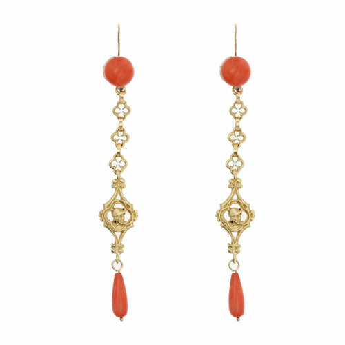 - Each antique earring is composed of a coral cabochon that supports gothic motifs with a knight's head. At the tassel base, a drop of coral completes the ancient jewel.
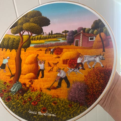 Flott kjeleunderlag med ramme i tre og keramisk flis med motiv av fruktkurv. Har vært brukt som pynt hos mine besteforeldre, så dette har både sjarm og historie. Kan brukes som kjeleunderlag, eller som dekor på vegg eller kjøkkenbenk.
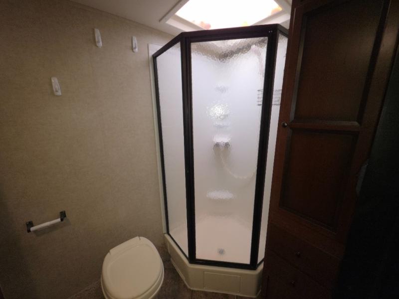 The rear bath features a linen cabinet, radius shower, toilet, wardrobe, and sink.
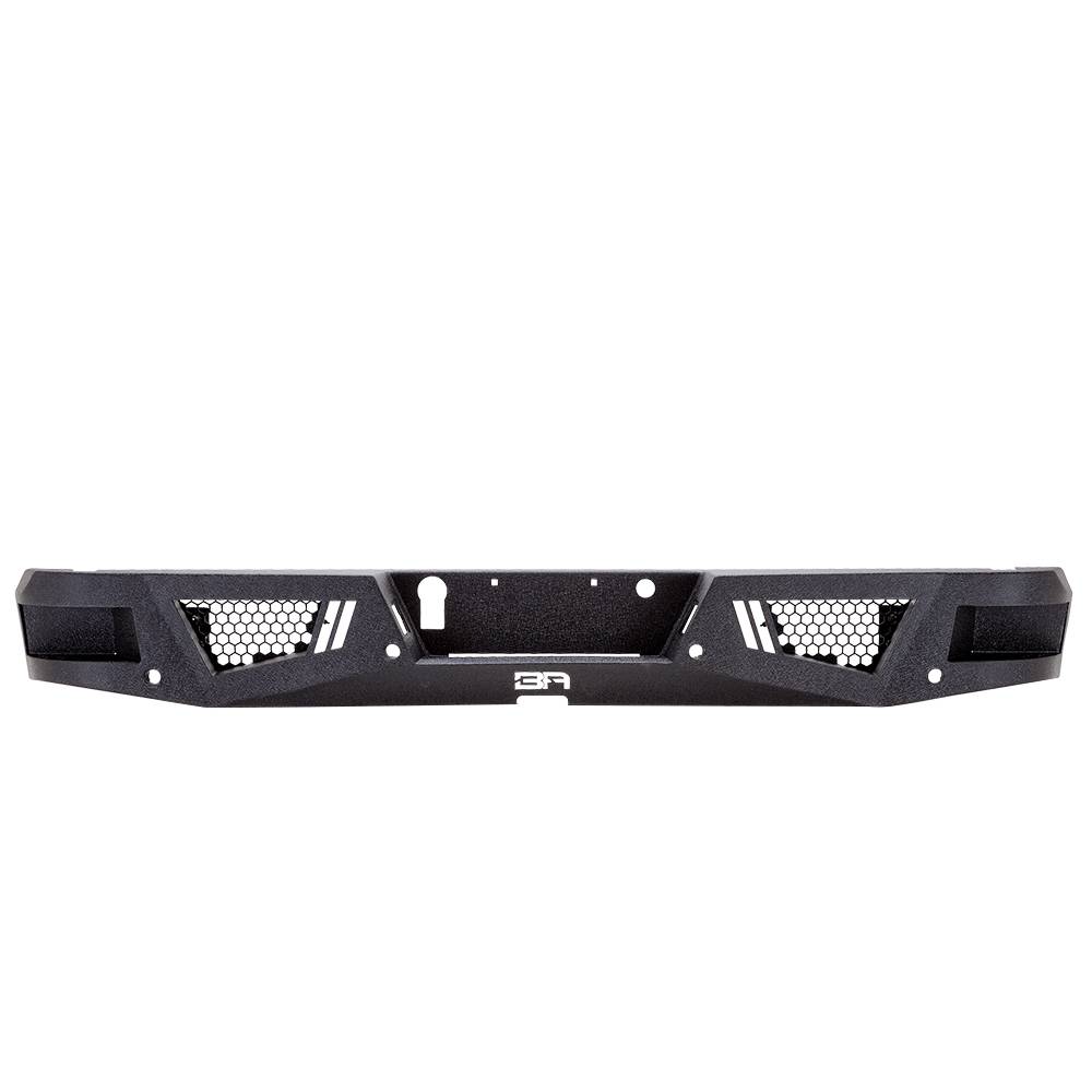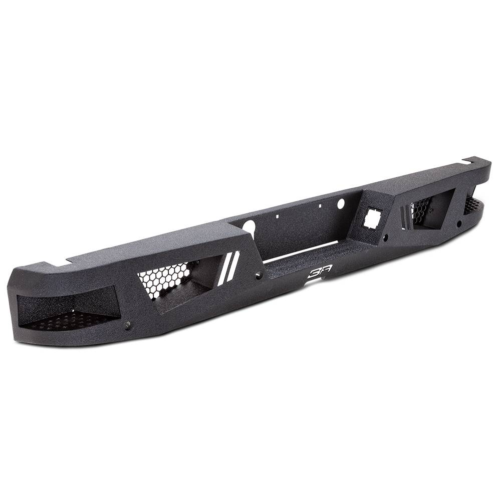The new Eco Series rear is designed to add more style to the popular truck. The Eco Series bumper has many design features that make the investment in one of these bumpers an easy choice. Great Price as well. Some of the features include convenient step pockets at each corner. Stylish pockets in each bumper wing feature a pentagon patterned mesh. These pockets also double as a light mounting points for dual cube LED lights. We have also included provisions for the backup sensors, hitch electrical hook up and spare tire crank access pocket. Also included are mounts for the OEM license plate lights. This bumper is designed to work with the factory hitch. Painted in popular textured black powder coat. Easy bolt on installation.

◆ WORK INSTRUCTIONS
Starting at the top of the listing above, reproduce each line up to and including the one with "The rear bath"; omit the pictures.

◆ ANSWER SPACE
 - Each antique earring is composed of a coral cabochon that supports gothic motifs with a knight's head. At the tassel base, a drop of coral completes the ancient jewel.
 Flott kjeleunderlag med ramme i tre og keramisk flis med motiv av fruktkurv. Har vært brukt som pynt hos mine besteforeldre, så dette har både sjarm og historie. Kan brukes som kjeleunderlag, eller som dekor på vegg eller kjøkkenbenk.
 The rear bath features a linen cabinet, radius shower, toilet, wardrobe, and sink.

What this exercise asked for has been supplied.